I know the Secret Annex was the root of my mother’s pain, but I think her problems with my father, Cor van Wijk, only made things worse. Their marriage had started out strong, but cracks had emerged in the late 1940s, and as the relationship deteriorated, my mother retreated deeper into herself. At some point in the 1950s, she began to investigate her trauma, writing long letters to Otto and Miep, trying to make sense of what had happened so that she could move on. But it never worked.
“I’m stuck again,” she’d sometimes say to me.
I think what she meant was that she was back in the Annex. I couldn’t understand then what tortured her so. Of course, it was tragic, what happened to Anne and the others, yet what more could she have done? Couldn’t she give herself a break? Couldn’t she be proud that she had managed to hold on to some of her humanity, that she had been brave in the face of such barbarism?
Although she sometimes let slip that she and the other helpers had “failed” in their efforts to keep the Annex a secret, no one faulted her for what had happened, for how it had ended. To the contrary, the world seemed poised to celebrate her, if only she’d allow it.
“Why are you always so sad when you go back in your mind to that time?” I asked her when I was only 10 years old. “It’s just beautiful what you’ve done.”
My mother started sobbing. “My dear boy…that grief will never leave my heart.”
Around this time, I noticed that my mother would often sob quietly in the mornings while sitting at her writing desk in the living room. As the weeks passed and she grew more hopeless and forlorn, I began to watch over her, to worry about what she might do. One Friday morning in the winter of 1959, we were home alone together. My father had gone to work early, and my brothers had already left for school. I thought I heard the same soft sobs coming from my mother’s bedroom. I tried to ignore them—I’m sad to say that they were becoming rather routine at that point—but soon the sobs were replaced by a plaintive moaning that sounded almost as though she was in physical pain. I ran toward her bedroom, but she was not there. Next, I checked our small bathroom.

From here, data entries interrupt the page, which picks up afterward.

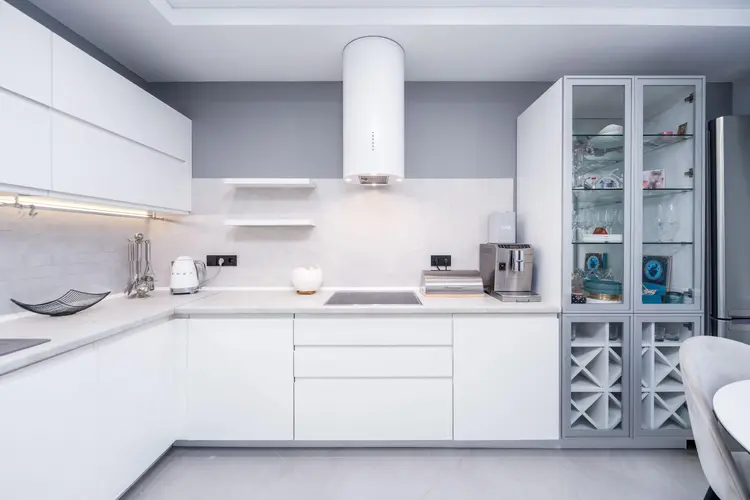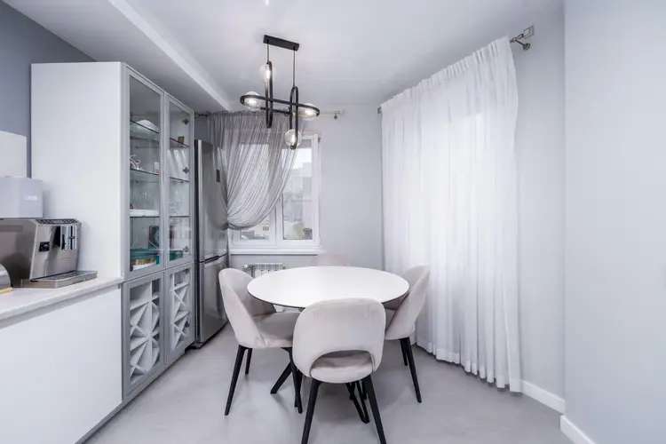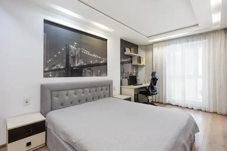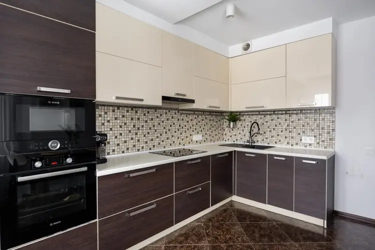Функциональная и стильная кухня, укомплектована мебелью и техникой Bosch: посудомоечная машина, варочная панель, духовой шкаф, микроволновая печь, вытяжка, холодильник.
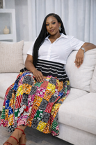 New in Premium African print Midi Skirt featuring traditional BLACK & WHITE stripes Asoke fabric to give an edgy contemporary design.
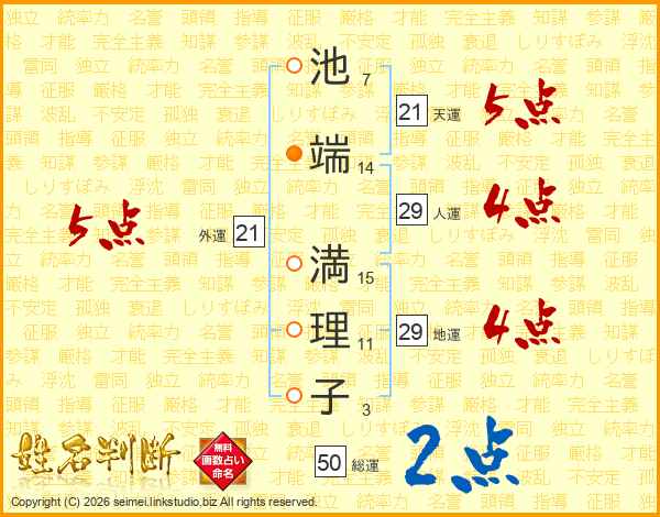池端満理子さんの天運は21画の5点!
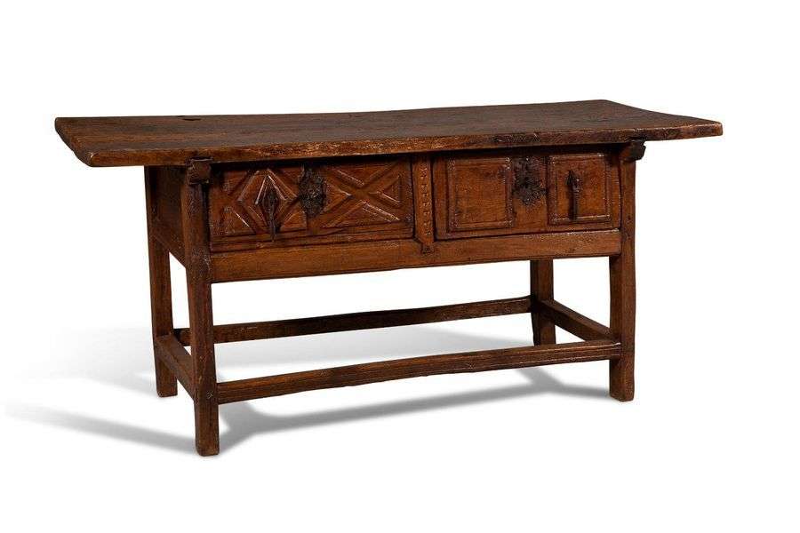 Table en chêne mouluré et sculpté ouvrant en ceinture par deux tiroirs à serrures et prises de tirage en fer forgé. Les pieds réunis par une entretoise.
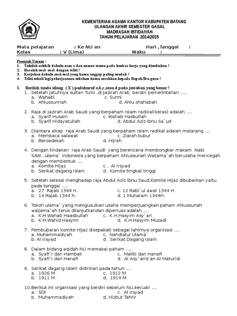 Download Soal Aswaja Mts : Usulan Agar Buku Aswaja Dan Ke Nu An Pwnu Jateng Tidak Gagal Misi / download soal uts ganjil aswaja mts kelas 7 8 9.
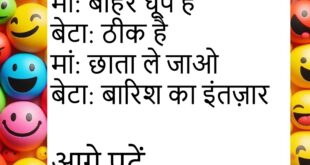 मां: बाहर धूप है बेटा: ठीक है मां: छाता ले जाओ बेटा: बारिश का इंतज़ार 😂 **************************************** दोस्त: फेवरेट दिन कौन सा? जवाब: रविवार दोस्त: क्यों? जवाब: सवाल नहीं होते 😄 **************************************** बॉस: स्मार्ट वर्क करो कर्मचारी: कर रहा हूं बॉस: कैसे? कर्मचारी: कम काम 😜 **************************************** पत्नी: प्यार करते हो? पति: बहुत पत्नी: कितना? पति: WiFi जितना 😆 **************************************** …

She was sitting on the edge of the bath, in front of the sink, and weeping. Her mouth was filled with small white sleeping pills. I lifted her up without thinking. All I knew was that I had to get those pills out. I slapped them out of her mouth. Many of them ended up in the sink, but I couldn’t get them all out of her mouth, so I stuck my finger down her throat, making her retch. Afterward, I helped her back to the side of the bath, where we cried together for a long time. Then she stumbled to her bed. All she said to me was, “Don’t tell your father or your brothers.”
I must not have gotten all the pills out of her mouth, because she quickly slipped into a sleep so deep that I could hardly see her breathing. I skipped school and stayed by her side all day. She was still sleeping when my father arrived in the evening, expecting dinner. I told him that she had had another migraine and had gone to bed early. I tried to put on a brave face, to act as though everything was normal, but inwardly, I was still crying, terrified that she would never wake up.